What are the lines below, starting at the line containing "شکل ۶ - ارائه الگوی درست به کودکان" and ending at the line containing "完成した壁面春バージョンです。皆で協力して作りました。"? Write them out exactly, ends included, without pictures.

Segment Start: Task inputs

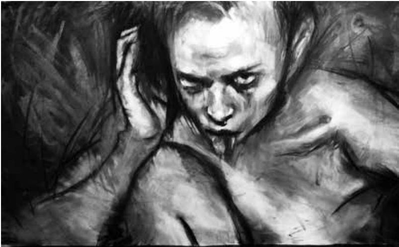
Sin nombre. 2021. Carboncillo sobre papel. 1 x 1.75 mts
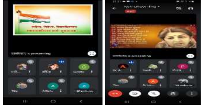
गणतन्त्रदिनोत्सवः सुरसम्राज्ञ्याः भारतरत्नस्य लतायाः श्रद्धाञ्जलिकार्यक्रमश्च
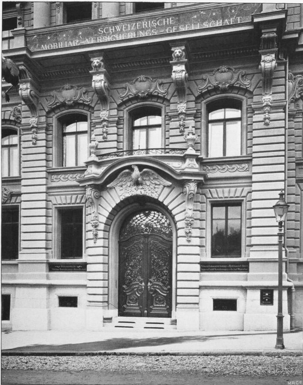
Verwaltungsgebäude der Schweizerischen Mobiliar-Versicherungs-Gesellschaft in Bern.

Architekten: Lindt & Hünérwadel in Bern.
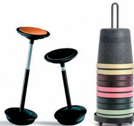
Tabouret Stitz de Martela chez Moore.
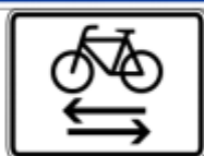
Zeichen 220 Einbahnstraße mit Zusatzschild
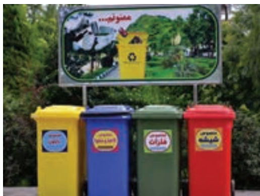
شکل ۶ - ارائه الگوی درست به کودکان
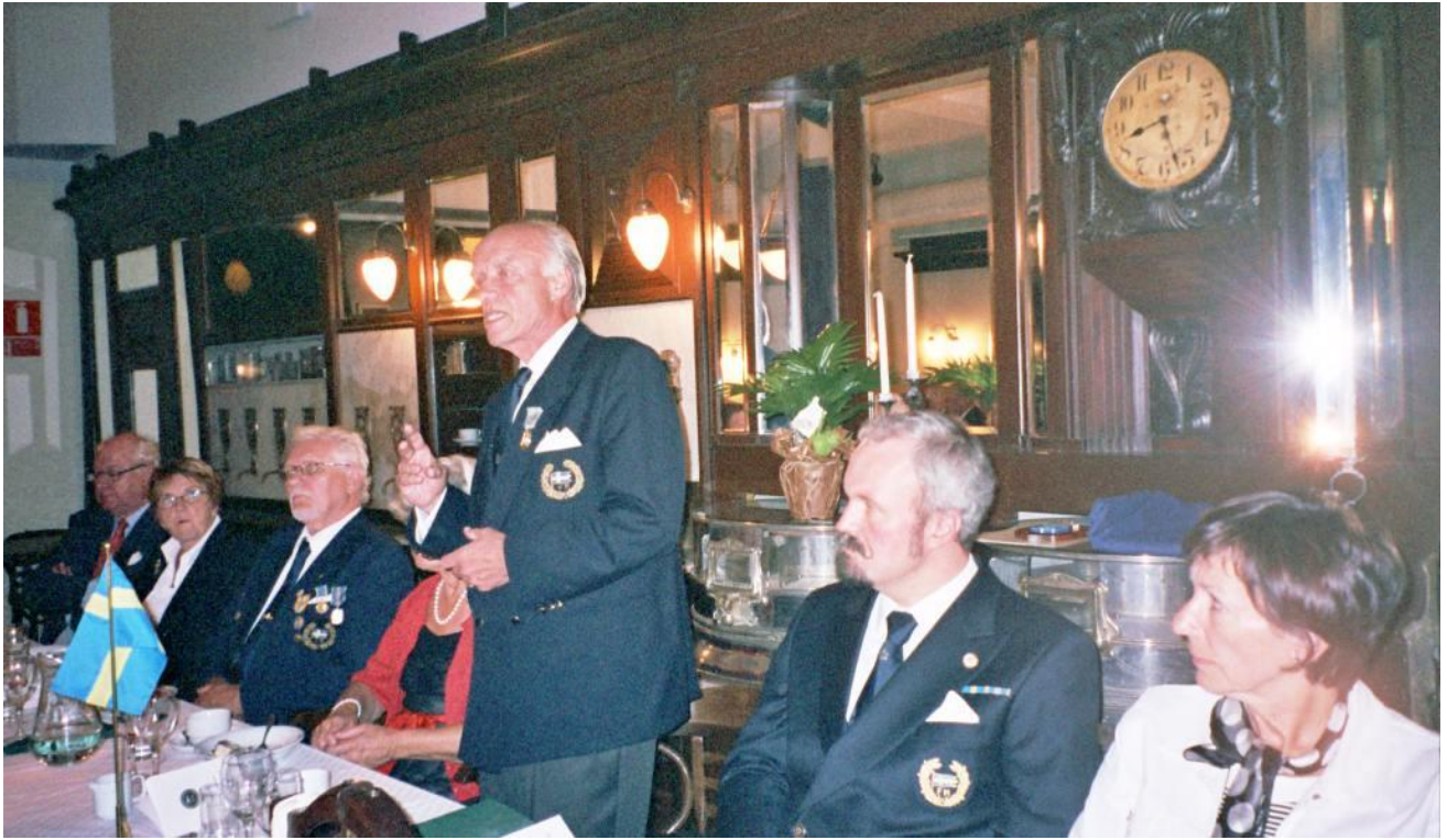
FM Riksförbunds Ordförande överlämnade Svenska Marinens högre chefer, och talade.
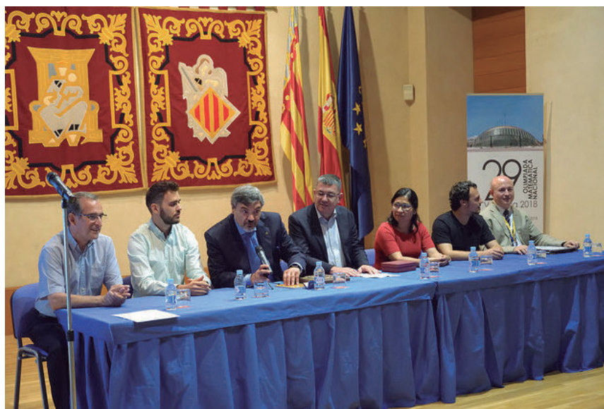
Figura 12. Clausura en las Cortes Valencianas

UXIA SIERRA ROUCO de Galicia, por la fotografía El infinito, los orígenes .
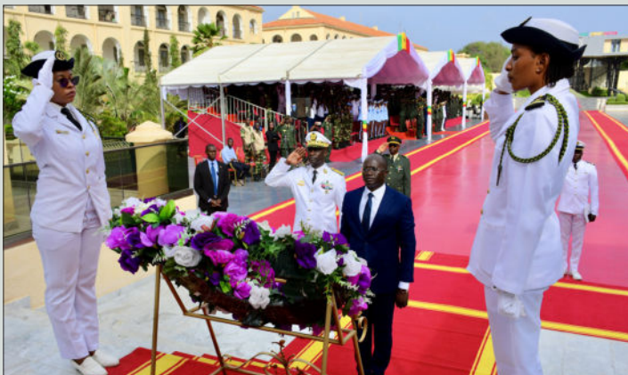
VISITE DE CONTACT DU MINISTRE DES FORCES ARMÉES A L'ÉTAT-MAJOR GÉNÉRAL DES ARMÉES
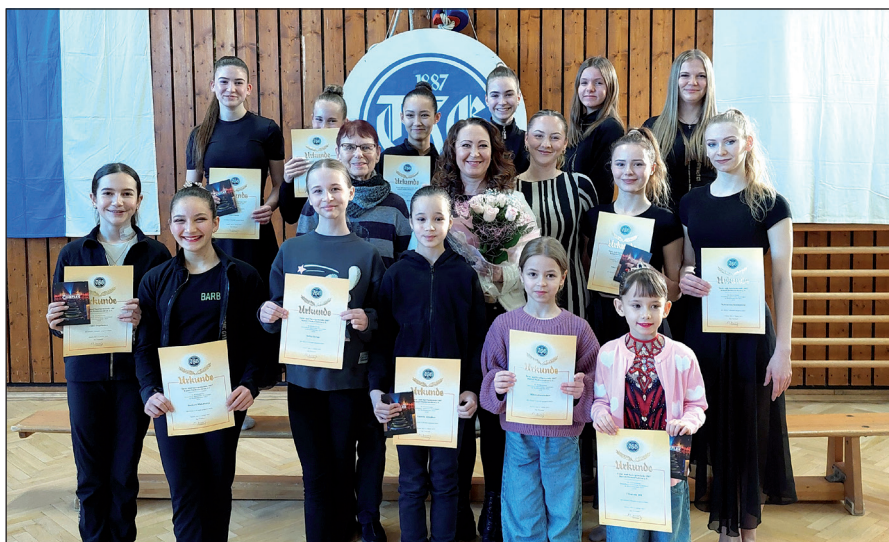
Seit Jahren immer wieder erfolgreich: Die Mädels der Rhythmischen Sportgymnastik
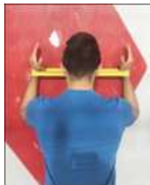
Figura 2. Primer ejercicio.

El primero consiste en realizar aperturas con banda elástica sobre la pared, manteniendo un ángulo de 90° utilizando una banda elástica amarilla, la cual tiene una resistencia mínima, que estirada al 100% equivale a una resistencia de 1.3 kilos.
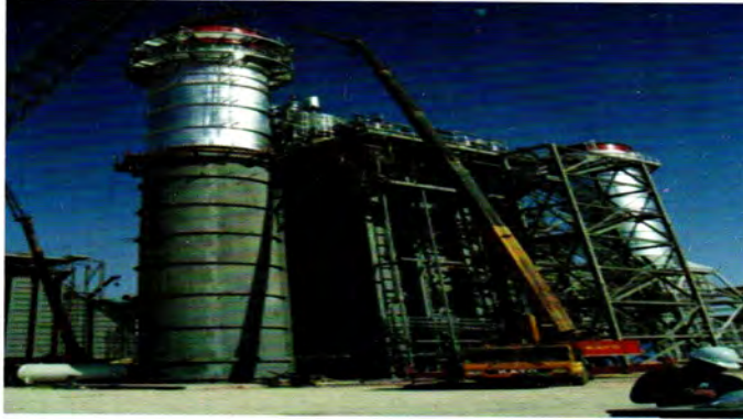
منظر جانبي للمبادل الحراري
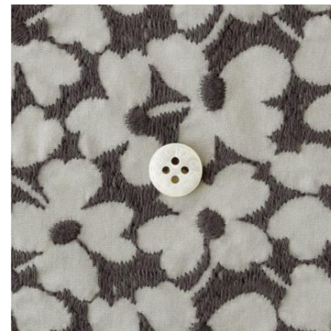
ストーンにスチールグレー
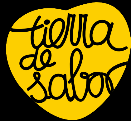
Logotipo blanco y negro
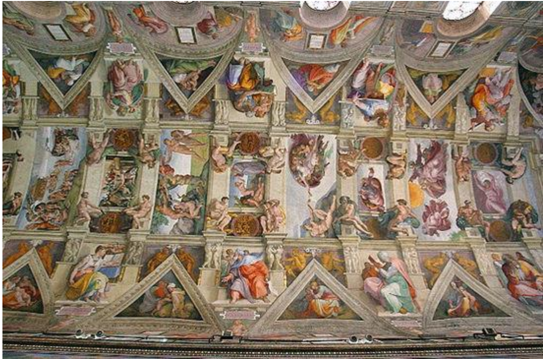
Slika 4. Svod Sikstinske kapele
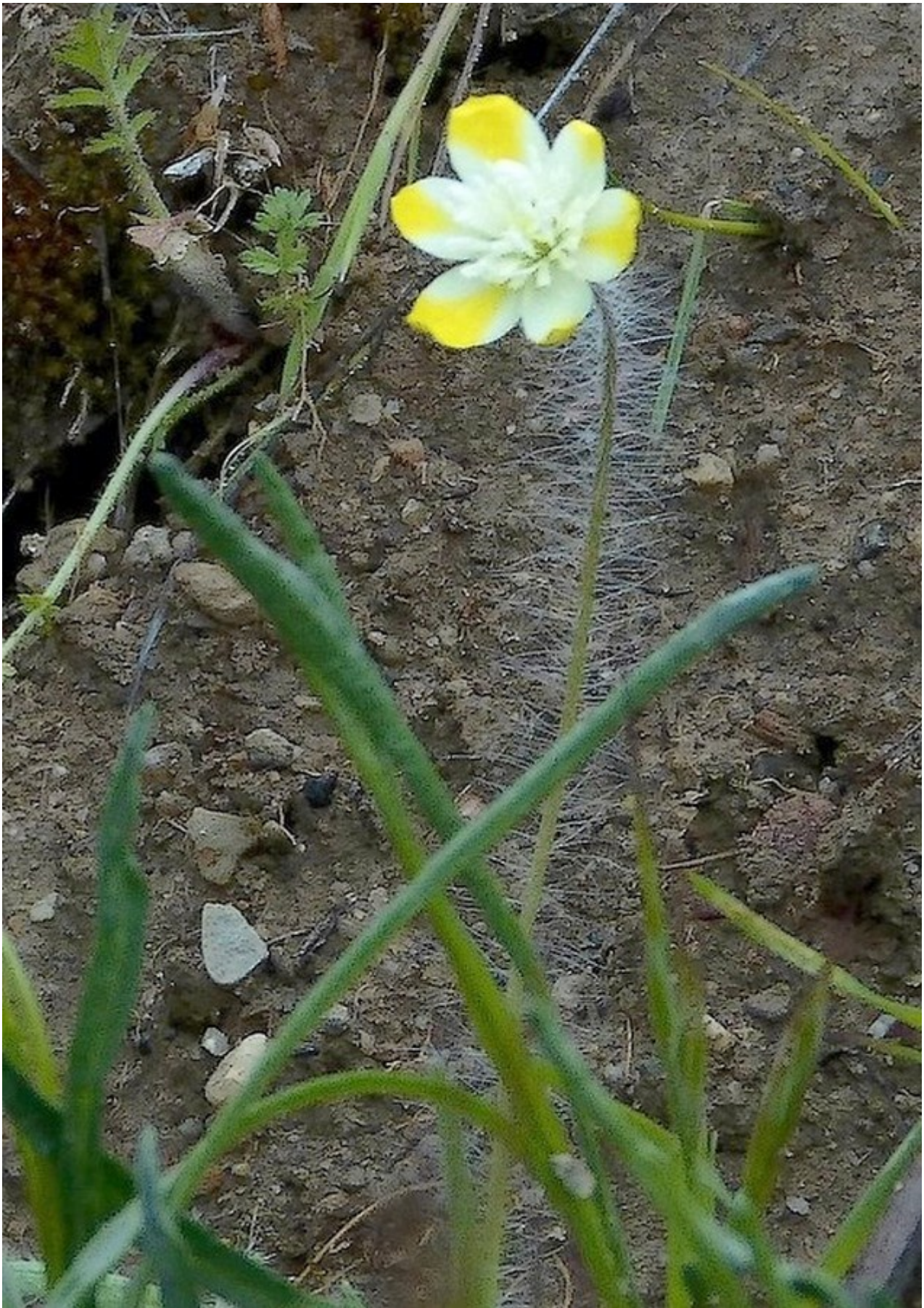
Photo n° 80. Platystemon californicus Benth. – 30 mars 2024
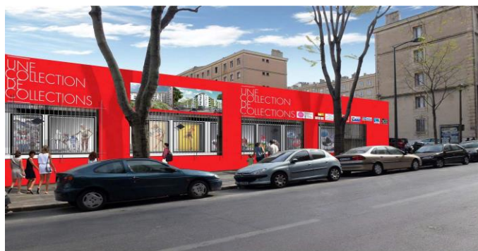
Illustration 1 et 1- Fondation Logirem / Projet "collection des collections"
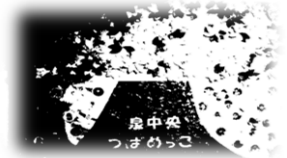
完成した壁面春バージョンです。皆で協力して作りました。

今年度、6名の子も達が加わりました。全員で27名のお友達とスタッフ7名で活動をしています。天気の良い日は泉中央公園や、七北田公園で元気に活動したり、室内ではフォトフレーム作り、ピースアートなどをして過ごしています。新たに壁面作りにも挑戦しました。春バージョンは、障子紙に絵具で色を付け貼り合わせ桜の木を表現しました。また、最近では、はないちもんめやハンカチ落としなど集団で遊ぶことも多く人気の活動です。おやつは、お友達と楽しんで手作りする経験や、お店に行き自分で選び購入する経験を多く設定出来れば良いと考えています。
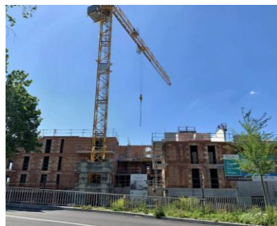
Îlot 2 – Seine Habitat
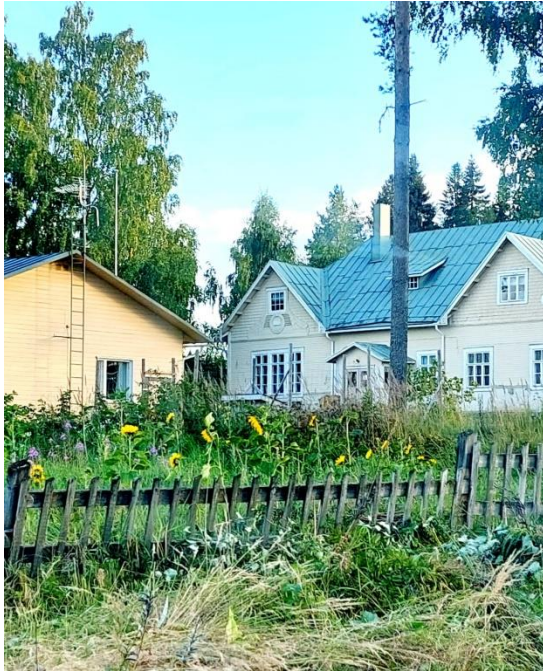
Kuva 71 Pellon kukat tervehtivät ohikulkijaa
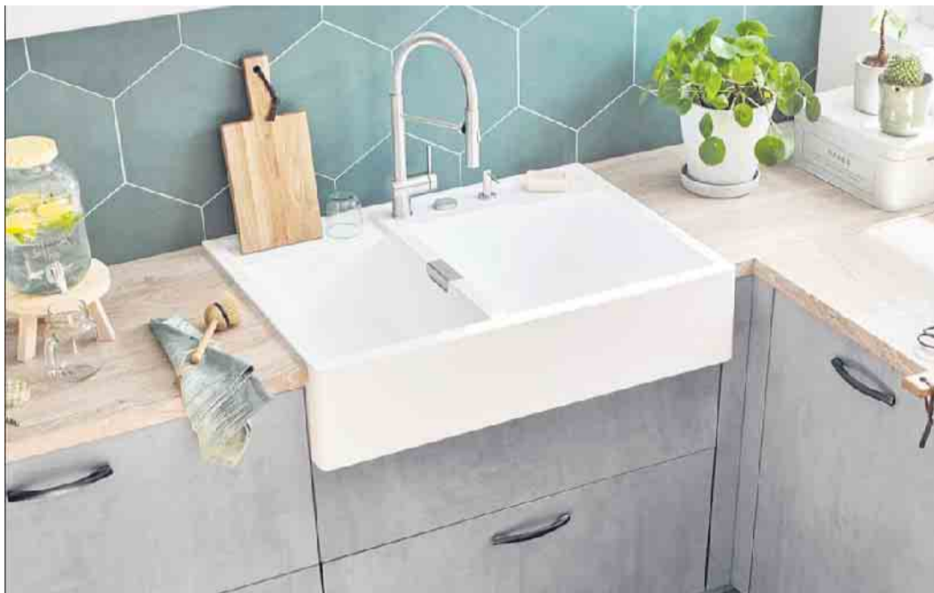
Nachhaltiges Granitspülenmodul mit seidenmatter Premium-Oberfläche und ABERLEFFEKT, was sie besonders reinigungsfreundlich macht. Am Ende ihres Lebenszyklus wird sie in einen Recycling-Kreislauf zurückgeführt.

Zu einer der ältesten zivilisatorischen Kulturtechniken gehört die Herstellung von Keramik, wie die vielen und auch hoch künstlerisch gestalteten Artefakte vergangener Kulturen belegen. Das moderne Pendant ist ebenfalls ein Kunstwerk und erfordert große Expertise: die
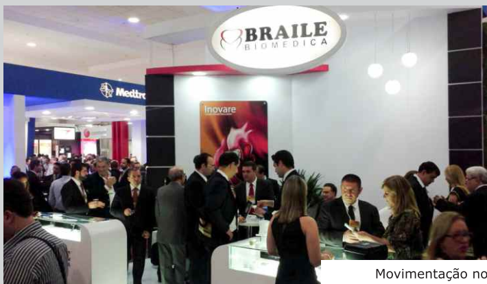
Movimentação no estande da Braile
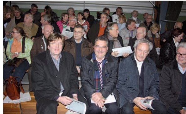
Mehr als 500 Menschen haben die Halle bei der Frühzeitigen Bürgerbeteiligung zum Rhein Ruhr Express der Deutschen Bahn gefüllt. Viele haben große Sorgen, wie ihr Ort durch Gleisbau und Lärmschutzwand verhandelt werden wird. Und das Schreckensszenario beginnt erst. Im kommenden Jahr geht es mit der Planung weiter. Der NORDBOTE bleibt aktuell am Thema.

Sorgenvolle Gesichter, wohin man auch sah. Besonders betroffen sind alle Anwohner direkt an der Bahn. Sie könnten ihre Gärten verlieren, vor eine hohe Mauer blicken. Gut, die DB will einen so genannten Finanzausgleich zahlen. Aber wer zahlt für die verminderte Lebensqualität? Für verringerte Grundstückswerte? „Angermund ist dann nicht mehr attraktiv“, rief ein aufgebracht Bürger. Über Kosten und Baubeginn war sich die DB nicht einig. Mitte 2015 sollen die Planfeststellungsunterlagen eingereicht werden, das dauert etwa 2-5 Jahre. Erst dann beginnen die Bauvorbereitungen. G.S.
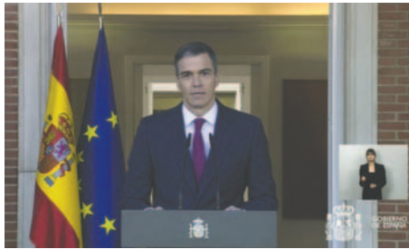
El presidente del Gobierno español, Pedro Sánchez

El anuncio del jefe del Ejecutivo se produce cinco días después de haber comunicado a través de una carta que iniciará un periodo de reflexión para decidir sobre su continuidad al frente del Gobierno, esto después de que su esposa fuera denunciada por supuestos hechos de corrupción.
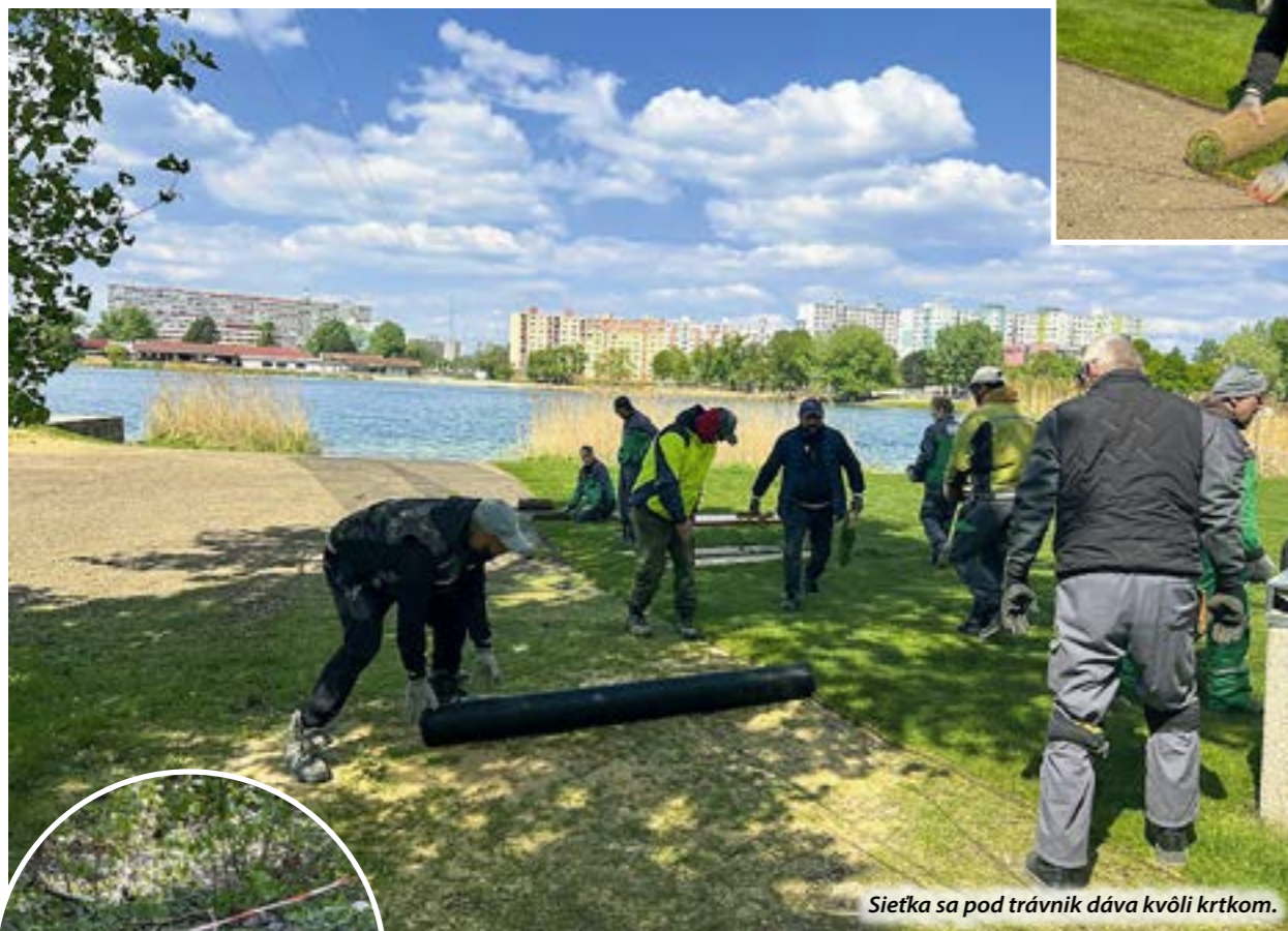
Sietka sa pod trávnik dáva kvôli krtkom.
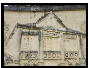
Gambar 17: Relief Rumah Adat Dulohupa

Berdasarkan gambar di atas relief menampilkan Rumah Adat Dulohupa yang merupakan salah satu Rumah Adat yang ada di Gorontalo, Rumah Adat ini dulu digunakan untuk upacara adat di Gorontalo. Relief ini memiliki ukuran panjang 300 cm dan lebar 250 cm.
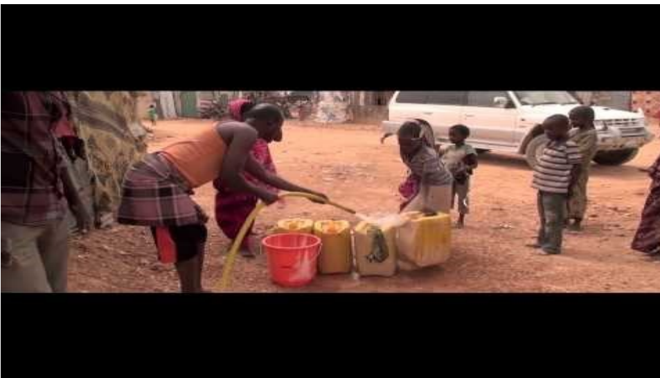
(12) Woda zmienia życie - YouTube

Segment End: Task inputs

Finished task
شکل ۶ - ارائه الگوی درست به کودکان
FM Riksförbunds Ordförande överlämnade Svenska Marinens högre chefer, och talade.
Figura 12. Clausura en las Cortes Valencianas

UXIA SIERRA ROUCO de Galicia, por la fotografía El infinito, los orígenes .
VISITE DE CONTACT DU MINISTRE DES FORCES ARMÉES A L'ÉTAT-MAJOR GÉNÉRAL DES ARMÉES
Seit Jahren immer wieder erfolgreich: Die Mädels der Rhythmischen Sportgymnastik
Figura 2. Primer ejercicio.

El primero consiste en realizar aperturas con banda elástica sobre la pared, manteniendo un ángulo de 90° utilizando una banda elástica amarilla, la cual tiene una resistencia mínima, que estirada al 100% equivale a una resistencia de 1.3 kilos.
منظر جانبي للمبادل الحراري
ストーンにスチールグレー
Logotipo blanco y negro
Slika 4. Svod Sikstinske kapele
Photo n° 80. Platystemon californicus Benth. – 30 mars 2024
Illustration 1 et 1- Fondation Logirem / Projet "collection des collections"
完成した壁面春バージョンです。皆で協力して作りました。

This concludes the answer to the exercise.